_What you need to do:_ From the entries below, print exactly the span beginning with the line holding "Ein Highlight für" and ending with the line holding "М.А.Врубель. Автопортрет с раковиной", endpoints included, and skip any pictures.

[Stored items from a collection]
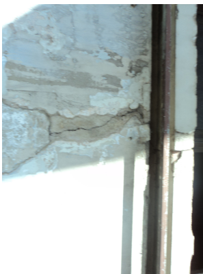
Pará de Minas - Centro Literário Pedro Nestor Detalhe da rachadura (foto 02) Imagem: Isabel Garcia-15/11/2013

Obs: A edificação está sendo reformada,mas as obras estão paralizadas.
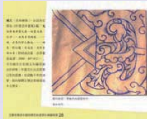
· 《宜蘭曾萬壹彩繪師傅家族建築彩繪圖稿集》頁28局部，可見傳統師傅所繪圖稿及著者簡短說明文字。（經著者同意翻拍刊登）

學習與再造。書所承載與兼負的，在於其對不同年齡層與背景的人，某種存於書的內容以外，純粹又深刻、明顯或幽暗的心靈的觸動，在不同的歲月或時空中，只要人們輕輕翻開書，哪怕只是短暫的一瞥，都可以喚起對每個人來說都是最獨特的啟示或意義。書之於人，有的是潛意識的契合與需求，這種感覺值得一再記憶與回味，並從而衍生出新的意義與內容。
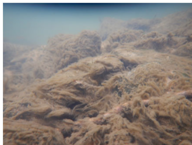
フラッシュ放流前
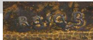
86 ROSA BONHEUR (1822-1899) LE TAUREAU Bronze à patine médaille signée sur la terrasse ROSA B. Fonte d'édition ancienne et signature PEYROL sur le côté droit de la terrasse. H. 15,3 cm, L. 21,5 cm, P. 8,3 cm € 700 - 800
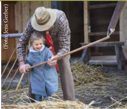
Ein Highlight für Groß und Klein zum Ende des Sommers: das Erntefest.

Mähbinder zu Leibe gerückt. Kinder können dabei helfen, die wertvollen Feldfrüchte einzusammeln, und erfahren dabei, wie wichtig und schwer die Arbeit Gleichaltriger auf den Feldern früher war. Motorisierte Erntemaschinen machen an anderer Stelle im Museum deutlich, wie drastisch sich Ernteprozesse im Laufe des 20. Jahrhunderts verändert haben.
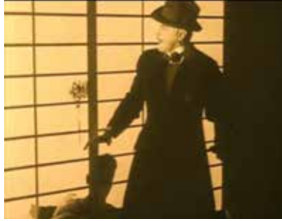
Fotograma de La marca del fuego

Román Gubern es el autor del texto general sobre el ciclo: “La Revolución Industrial impulsó el desarrollo de las grandes ciudades en el siglo XIX, en las que se agazapaba la delincuencia y el crimen y en cuyo contexto las relaciones humanas se despersonalizaron. En esta situación, en cada callejón podía asaltar el peligro y un vecino podía ser un criminal en potencia.
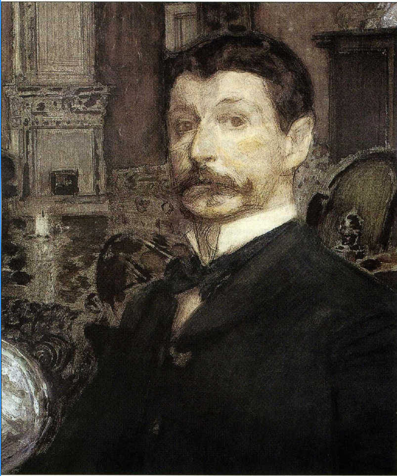
М.А.Врубель. Автопортрет с раковиной

Никто из иллюстраторов Лермонтова ни до, ни после Врубеля не подошел к его творческому и философскому мирозерцанию так близко, как это удалось художнику, заколдованному «Демоном» Лермонтова и своим собственным.
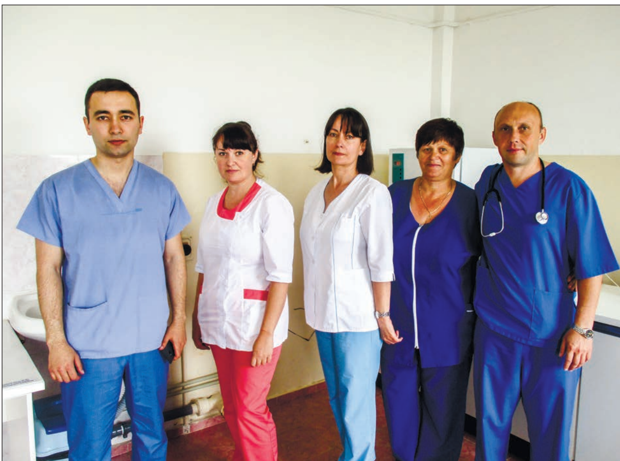
Одна из бригад реанимационного отделения городской больницы
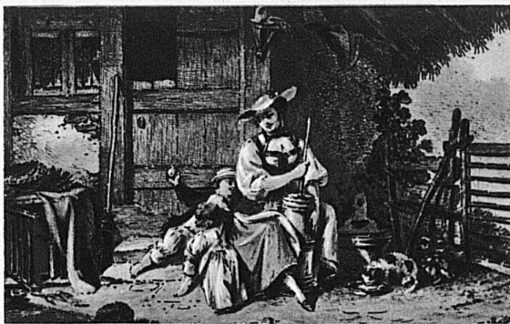
Oberländerin am Butterfass
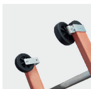
Roulettes de déploiement
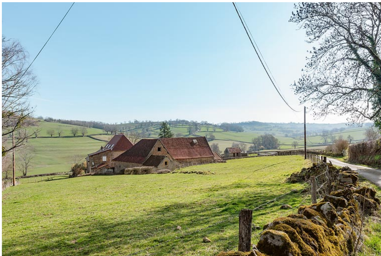
Vue de la ferme depuis la route, en venant de Chaumont. Plusieurs volumes (principalement en appentis) se développent à l'arrière des bâtiments principaux.
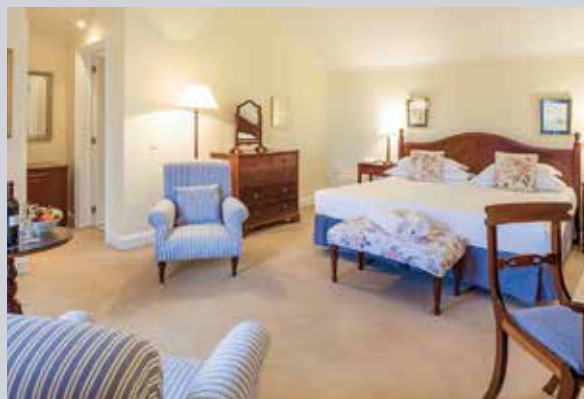
Une chambre du Casa Velha do Palheiro

À quelques mètres de la plage principale, il fait face à l'océan dans un environnement fort reposant idéal pour un séminaire ou à une convention. Un ensemble de caractère qui rend hommage à la production locale de rhum, mise en valeur dans ses espaces publics et au sein de l'exposition permanente qui retrace son histoire, deux zones que l'on peut utiliser pour organiser un cocktail ou un dîner. Chambres spacieuses, 2 restaurants, bar, 2 piscines, rooftop, spa et 5 espaces de réunion (jusqu'à 200 personnes).
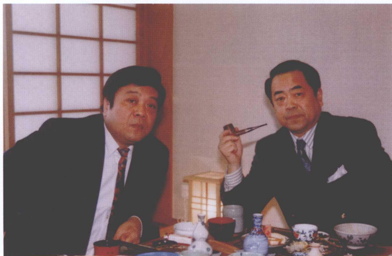
>>> 与国画大师范曾交往多年受益匪浅
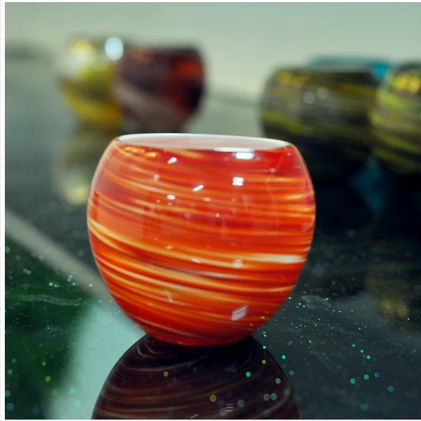
neue Kerzenhalter aus Glas

_Task result:_
Ein Highlight für Groß und Klein zum Ende des Sommers: das Erntefest.

Mähbinder zu Leibe gerückt. Kinder können dabei helfen, die wertvollen Feldfrüchte einzusammeln, und erfahren dabei, wie wichtig und schwer die Arbeit Gleichaltriger auf den Feldern früher war. Motorisierte Erntemaschinen machen an anderer Stelle im Museum deutlich, wie drastisch sich Ernteprozesse im Laufe des 20. Jahrhunderts verändert haben.
Fotograma de La marca del fuego

Román Gubern es el autor del texto general sobre el ciclo: “La Revolución Industrial impulsó el desarrollo de las grandes ciudades en el siglo XIX, en las que se agazapaba la delincuencia y el crimen y en cuyo contexto las relaciones humanas se despersonalizaron. En esta situación, en cada callejón podía asaltar el peligro y un vecino podía ser un criminal en potencia.
М.А.Врубель. Автопортрет с раковиной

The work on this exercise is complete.